Ainsi, il s’agira pour le PCR de mener une « bataille intérieure à La Réunion, de rééquilibrer le rapport avec Paris, mais c’est aussi une affaire internationale ». Dénonçant la situation économique de La Réunion, Yvan Dejean a déploré que « sur le papier, la situation de notre être est absurde ».

Entourée des plus grandes puissances économiques émergentes, « La Réunion a un avantage comparatif en terme de développement et de formation, et devrait être importateur de matières premières et exportateur de matières grise » dans la zone.

Malgré une situation géographique propice, « La Réunion ne commerce qu’avec son ancienne métropole coloniale ». Un commerce jugé « déséquilibré car nous ne vendons pas en Europe le trentième de ce que nous lui achetons. Pire encore, l’immense majorité des transferts publics sont recyclés en bénéfice privé qui retourne au siège des multinationales. C’est cela le néo-colonialisme ».

C’est pourquoi Yvan Dejean assure qu’il faut « redéfinir une nouvelle relation basée sur le respect et l’égalité ». Cela passera par « un nouveau projet réunionnais qui devra nous permettre de marcher sur nos deux pieds, et de marcher dans cet espace qui est le notre, l’espace de l’océan Indien ».
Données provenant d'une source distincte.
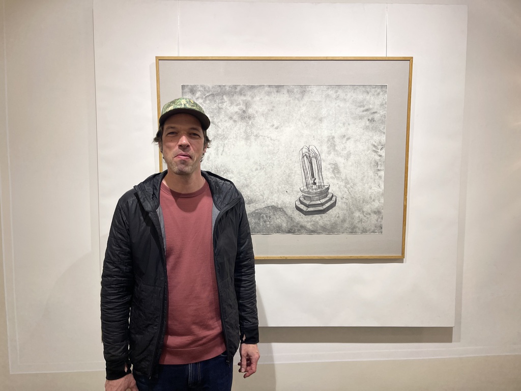 Das Zeichnen ist augenscheinlich sein Ding: Daniel Bischoff war an der Nürnberger Akademie Schüler von Diet Seiler, Ende April wird er im Neuen Museum der Nachbarstadt ausstellen. Sein Werk umfasst Malerei, Zeichnung, Druckgrafik, Objektkunst und Installation. Foto: Hans-Joachim Winckler

« Nous sommes internationalistes »

« Nous sommes internationalistes, nous sommes progressistes et nous voulons le développement de l’océan Indien et de l’Afrique, tous ensemble dans le cadre de partenariat gagnant-gagnant », a assuré le rivièrois.

Saluant le travail réalisé par George Gauvain et Alain Dreneau avec le Comité Solidarité Chagos La Réunion, Yvan Dejean a rappelé que « nous sommes aux premières loges avec la base navale de Diégo-Garcia. Cette base bâtie sur des îles volées au peuple chagossien, qui mène un long combat pour la reconnaissance de ces droits. Nous soutenons les droits du peuple chagossien depuis toujours ».

Globalement, « nous soutenons tous les efforts qui visent à faire de l’océan Indien une zone de paix ». Car « si demain, les Etats-Unis attaquent l’Iran, les bombardiers s’envoleront de Diégo Garcia. A côté. Alors nous devons d’ores et déjà dire non à la guerre, non à l’impérialisme américain. Vive la paix ».